Required work: Give back all of the data exactly, with every picture omitted.

Provided records:
*** Begin section ***

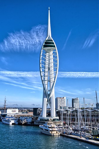 This is a fine view of the Spinnaker Tower captured on a very bright day but with the sun angled to give a raking light over the tower giving it form. Being a white subject there are burnt out areas but not enough to lessen the impact of the image. The wispy clouds and deep blue sky all add to a nice image. |
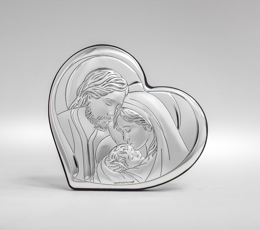 Серебряная картина с изображением Святого Семейства с Младенцем.
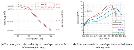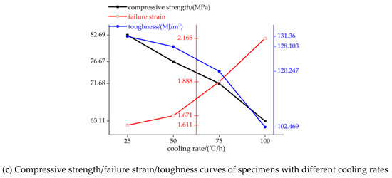 The cooling rate determines the crystallization rate of PTFE matrix, which affects the crystallinity of PTFE matrix and further affects the properties of PTFE-based active materials. The density and relative density curves, true stress-strain curves and compressive strength/failure strain/toughness curves of specimens with different cooling rates are shown in Figure 6a–c, respectively. The specific parameters of Figure 6a,c are listed in Table 6.
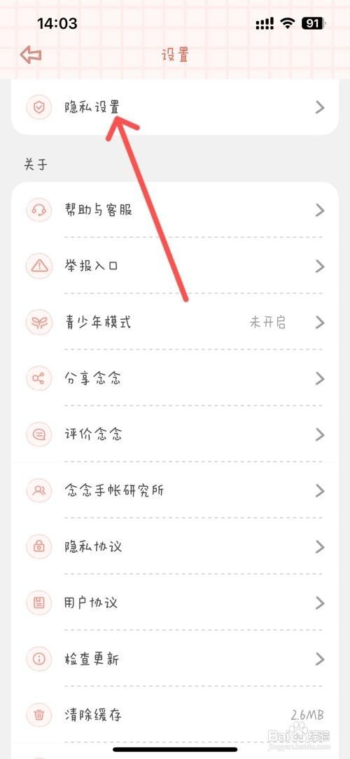 [图]3/4在设置列表中,点击隐私设置选项
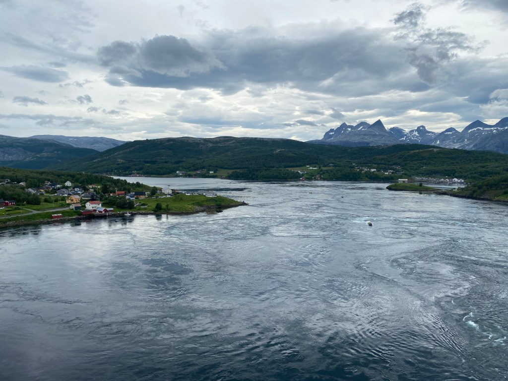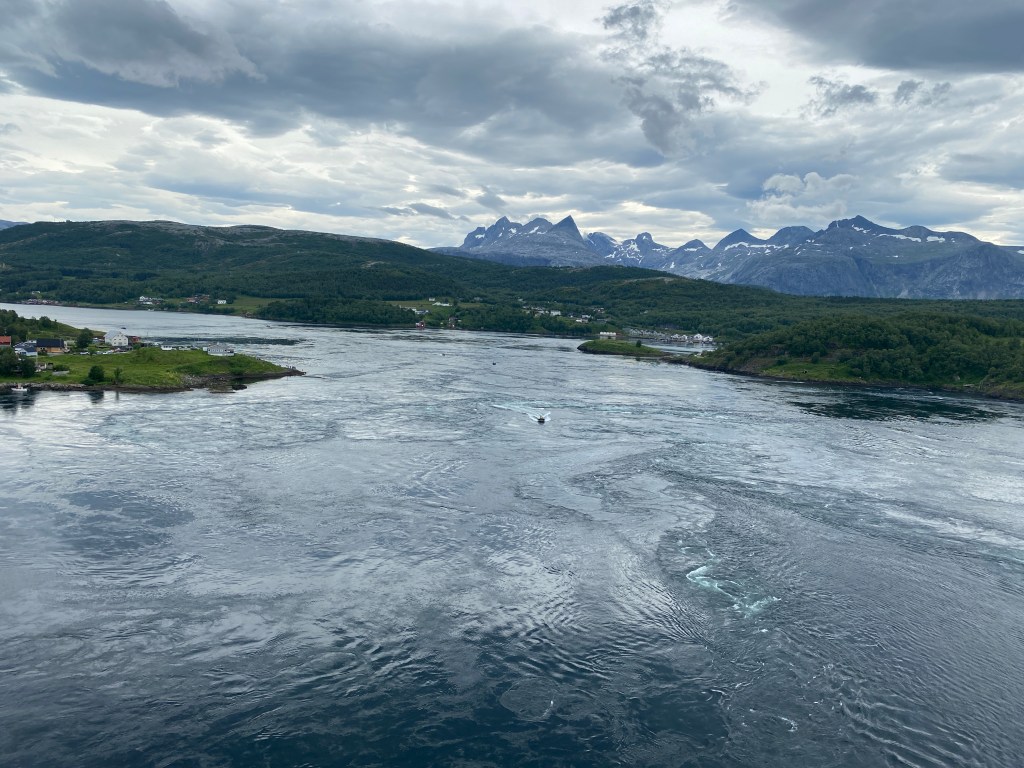 這天我的飛機是下午兩點五十分,這個地方離機場大概是55公里,一個小時內會到,沒有渡輪,完全就是公路,比較不會有要等待的意外。去機場的路上會經過挪威最大的冰河區,半小時左右會到一個洋流區,每六個小時會出現一次很大的海洋漩渦,像是大海中的按摩浴缸。
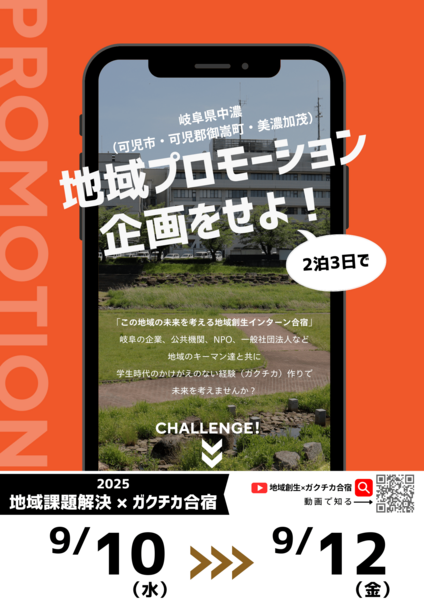 岐阜の中濃・東濃地域の街の企業・公共機関・NPO・一般社団法人と一緒にこの地域の未来を考える地域創生インターン合宿を開催します。学生時代のかけがえのない経験(ガクチカ)作りの企画になります。この地域のキーマン達と、一緒に未来を考えませんか?
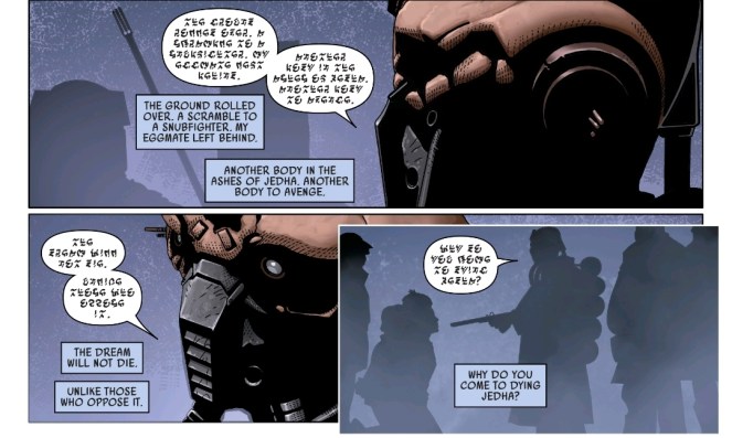 Leading the last of the Partisans on NaJedha is Benthic Two-Tubes. Who fought beside Saw and his eggmate Edrio. Benthic stays for vengeance. He’s come a long way since his days as a Cloud Rider.
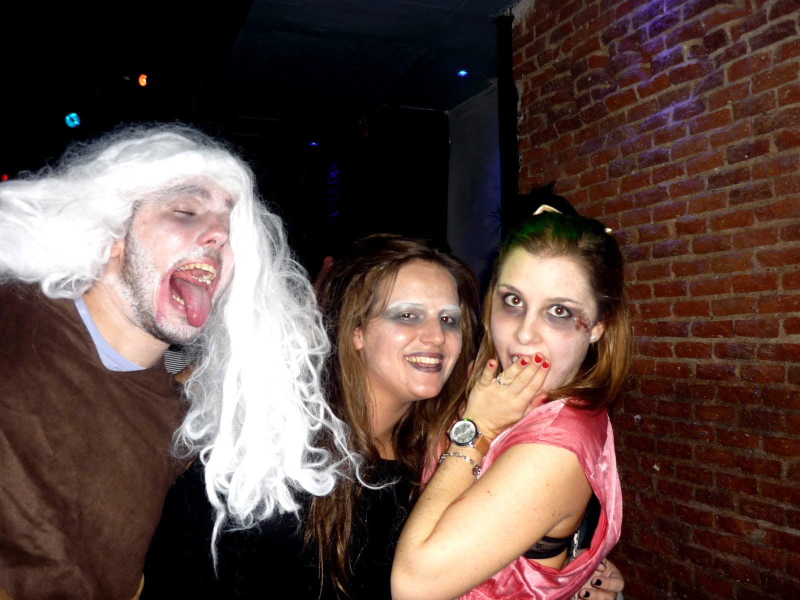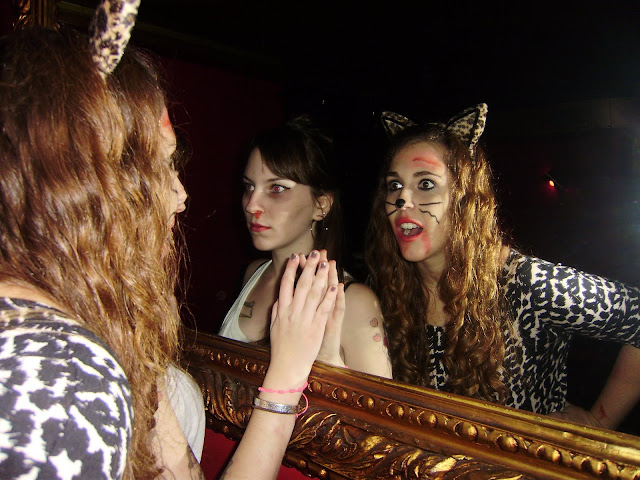 Este año no he tenido una, sino dos! fiestas de halloween. El sábado 30 nos adelantamos y nos vestimos de cosas...un poco sin sentido...para ir practicando. Elena de perro atropellado (aunque parecía un gato:) ....diga lo que diga), Lucia de Amy Whinehouse, Nickla de patinadora yankie y yo...de algo muerto...
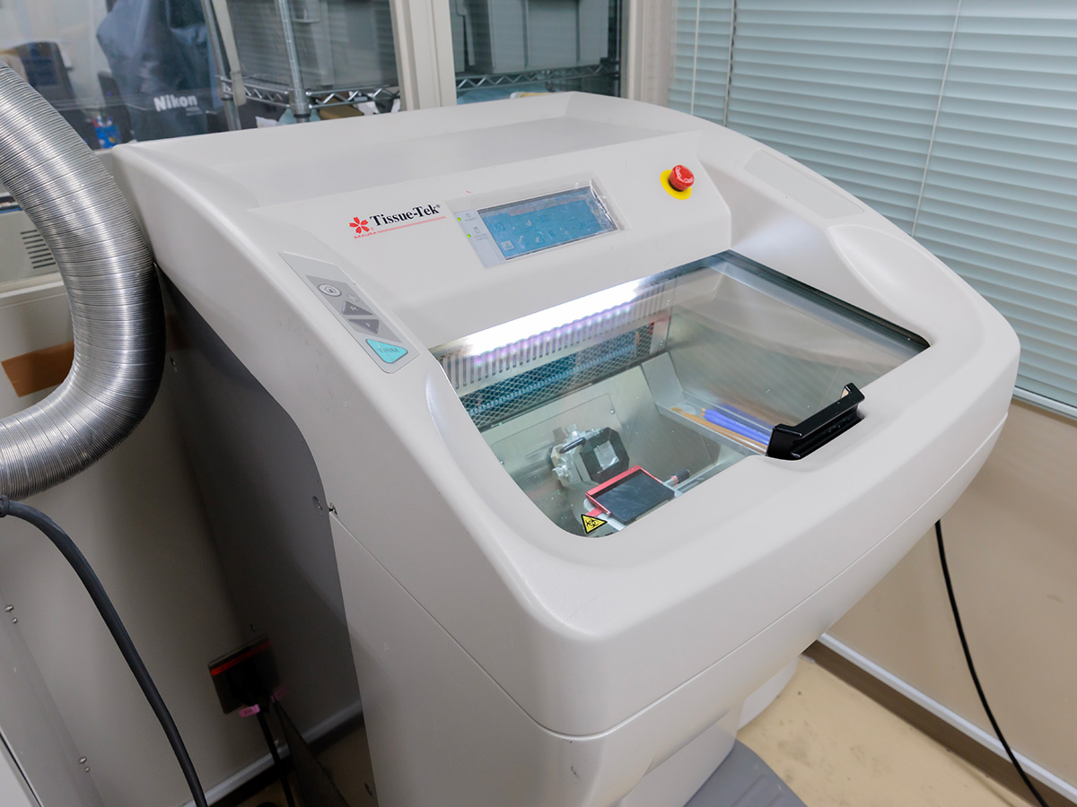 組織を急速に凍結させて凍結切片作製装置で標本を作製します。当院では主に乳腺のセンチネルリンパ節、甲状腺・副甲状腺の術中迅速診断を行っています。技師には短時間で良質な標本作製が求められます。
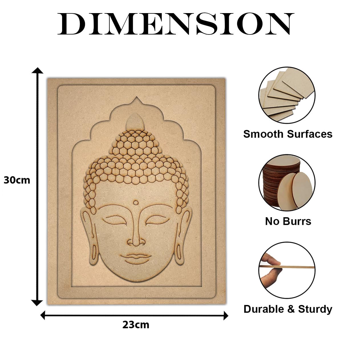 MDF Board for Lippan Art - Pre-Marked Lord Buddha Face Design Cutouts for Craft, Painting, DIY Projects
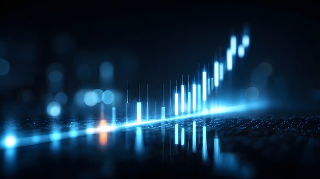 Neon candlestick chart visualizing market trend on digital finance dashboard with icons
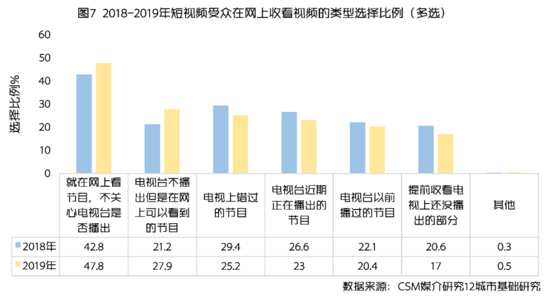近年来,随着网络视频的发展,越来越多的节目选择先网后台甚至是网络独播,相比电视节目,网上的资源更为丰富,短视频受众在网上收看的视频内容中,近一半的短视频受众“就在网上看节目,不关心电视台是否播出”,该比例高达47.8%,比2018年高出5个百分点。
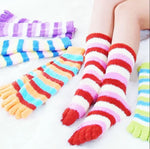 These girls fuzzy toe socks are soft and designed in bright colored strips. These women's fuzzy toe socks are perfect stocking stuffer for Christmas morning as home socks. Stock up on these ultra-soft, stylish, bright colored designed fuzzy toe socks now!!
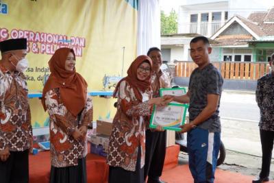 Bupati pun juga menyerahkan secara langsung bantuan hibah kepada penerima, untuk bantuan yang diserahkan ada uang operasional dan alat praktek untuk kursus.
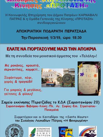 Αποκριάτικη ποδαράτη περατζάδα διοργανώνουν την Παρασκευή 1 Μαρτίου στις 18.30 η Κοινωφελής Επιχείρηση του Δήμου Πατρέων «Καρναβάλι Πάτρας» και η Ομάδα Γειτονιάς της Κίνησης «Πρόταση».
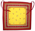 チェアークッション・シートクッションカバー(商品番号 「リュベロン」コレクションにチェアー用クッションカバーが加わりました。こちらは2種類の布を組み合わせて縫い合わせたカドレ(フレーム)仕上げではなく、フレーム状にプリントされた1枚布を表裏で縫い合わせたシンプルな作りです。マチなし。上部両側に付いている2本のヒモで、イスに固定します。クッション取り出し口は、一辺にジッパーが取り付けられており、そこから出し入れ可能です。 |

*** End section ***

Exercise result:
 This is a fine view of the Spinnaker Tower captured on a very bright day but with the sun angled to give a raking light over the tower giving it form. Being a white subject there are burnt out areas but not enough to lessen the impact of the image. The wispy clouds and deep blue sky all add to a nice image. |
 Серебряная картина с изображением Святого Семейства с Младенцем.
 The cooling rate determines the crystallization rate of PTFE matrix, which affects the crystallinity of PTFE matrix and further affects the properties of PTFE-based active materials. The density and relative density curves, true stress-strain curves and compressive strength/failure strain/toughness curves of specimens with different cooling rates are shown in Figure 6a–c, respectively. The specific parameters of Figure 6a,c are listed in Table 6.
 [图]3/4在设置列表中,点击隐私设置选项
 這天我的飛機是下午兩點五十分,這個地方離機場大概是55公里,一個小時內會到,沒有渡輪,完全就是公路,比較不會有要等待的意外。去機場的路上會經過挪威最大的冰河區,半小時左右會到一個洋流區,每六個小時會出現一次很大的海洋漩渦,像是大海中的按摩浴缸。
 岐阜の中濃・東濃地域の街の企業・公共機関・NPO・一般社団法人と一緒にこの地域の未来を考える地域創生インターン合宿を開催します。学生時代のかけがえのない経験(ガクチカ)作りの企画になります。この地域のキーマン達と、一緒に未来を考えませんか?
 Leading the last of the Partisans on NaJedha is Benthic Two-Tubes. Who fought beside Saw and his eggmate Edrio. Benthic stays for vengeance. He’s come a long way since his days as a Cloud Rider.
 Este año no he tenido una, sino dos! fiestas de halloween. El sábado 30 nos adelantamos y nos vestimos de cosas...un poco sin sentido...para ir practicando. Elena de perro atropellado (aunque parecía un gato:) ....diga lo que diga), Lucia de Amy Whinehouse, Nickla de patinadora yankie y yo...de algo muerto...
 組織を急速に凍結させて凍結切片作製装置で標本を作製します。当院では主に乳腺のセンチネルリンパ節、甲状腺・副甲状腺の術中迅速診断を行っています。技師には短時間で良質な標本作製が求められます。
 MDF Board for Lippan Art - Pre-Marked Lord Buddha Face Design Cutouts for Craft, Painting, DIY Projects
 Neon candlestick chart visualizing market trend on digital finance dashboard with icons
近年来,随着网络视频的发展,越来越多的节目选择先网后台甚至是网络独播,相比电视节目,网上的资源更为丰富,短视频受众在网上收看的视频内容中,近一半的短视频受众“就在网上看节目,不关心电视台是否播出”,该比例高达47.8%,比2018年高出5个百分点。
 These girls fuzzy toe socks are soft and designed in bright colored strips. These women's fuzzy toe socks are perfect stocking stuffer for Christmas morning as home socks. Stock up on these ultra-soft, stylish, bright colored designed fuzzy toe socks now!!
 Bupati pun juga menyerahkan secara langsung bantuan hibah kepada penerima, untuk bantuan yang diserahkan ada uang operasional dan alat praktek untuk kursus.
 Αποκριάτικη ποδαράτη περατζάδα διοργανώνουν την Παρασκευή 1 Μαρτίου στις 18.30 η Κοινωφελής Επιχείρηση του Δήμου Πατρέων «Καρναβάλι Πάτρας» και η Ομάδα Γειτονιάς της Κίνησης «Πρόταση».
 チェアークッション・シートクッションカバー(商品番号 「リュベロン」コレクションにチェアー用クッションカバーが加わりました。こちらは2種類の布を組み合わせて縫い合わせたカドレ(フレーム)仕上げではなく、フレーム状にプリントされた1枚布を表裏で縫い合わせたシンプルな作りです。マチなし。上部両側に付いている2本のヒモで、イスに固定します。クッション取り出し口は、一辺にジッパーが取り付けられており、そこから出し入れ可能です。 |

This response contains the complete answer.